# Entertainment Forum > Classic Television >  Bruno - A Bigamist

## Rach33

According to Soaplife Bruno ends up being blackmailed by Joly over the fact they are still legally married whoops a daissee he he wonder what Lucy will have to say about that

----------


## emma_strange

who is joly?

----------


## Rach33

I think it's the twins mother

----------


## .:Kitz:.

> I think it's the twins mother


He's in the a bit of trouble there then..........  :Nono:  naughty naughty

----------


## squarelady

> He's in the a bit of trouble there then..........  naughty naughty


He's gorgeous though!  :Wub:

----------


## Angeldelight

uh-oh... i definatley think he'll be in trouble... hehe... hehe

----------


## Rach33

> He's gorgeous though!


AGREE

----------


## Bryan

i dent think that he married her... cus hes surprised that he ahd kids and also couldnt really remeber who the woman was

i doubt this is true

bondboffin

----------


## Rach33

It was in Soaplife

Footballer's Wives Extra Time

23rd June 

Joly turns blackmailer when she reminds Bruno that they're still married - which makes him a bigamist

Also he must have known about the twins to be on thier birth certificate and if he didn't know he'd have to married to the mother to be on the birth certificate

----------


## squarelady

> AGREE


Joel Beckett Lover and now Bruno too! Say it all! You have great taste in men!  :Wub:

----------


## Rach33

Thanks so do you I quite like a bit of the Harmaniseter as well

----------


## squarelady

> Thanks so do you I quite like a bit of the Harmaniseter as well


Cool!

----------


## Treacle

I seriously doubt this is true but it could well be. There's been nothing to indicate that he's married to the twins mother before.

----------


## squarelady

Just seen the advert for tonights Footballer's Wives extra! Looks really good!

----------


## Treacle

Have there only been 3 episodes so far? I need to make sure I'm up to date.

----------


## squarelady

> Have there only been 3 episodes so far? I need to make sure I'm up to date.
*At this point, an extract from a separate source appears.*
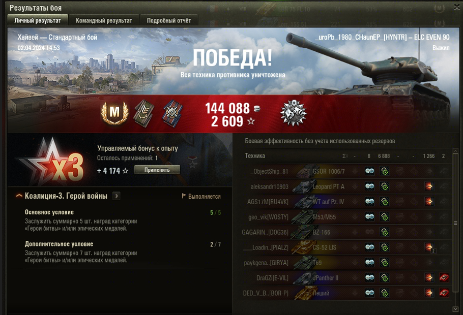 ХАЙВЕЙ МАСТЕР на ELC EVEN 90 ОПЫТ: 1391 СУММАРНЫЙ УРОН: 8154 медаль ДОЗОРНЫЙ

I watched the first one and then lost track but you can read all the summaries on the ITV website I think!

----------


## Treacle

> I watched the first one and then lost track but you can read all the summaries on the ITV website I think!


I hope I haven't missed any.

----------


## squarelady

It's on every thursday at about half tenish on ITV2.

----------


## emma_strange

omg he is married to her!

----------


## eastenders mad

> It's on every thursday at about half tenish on ITV2.


It was not on this week i wonder why does anyone know why?

----------


## Rach33

It was cos I watched it at half ten

----------


## pinkles14

I watched it too

----------


## kirsty_g

is this true

----------


## shannisrules

is what true?

----------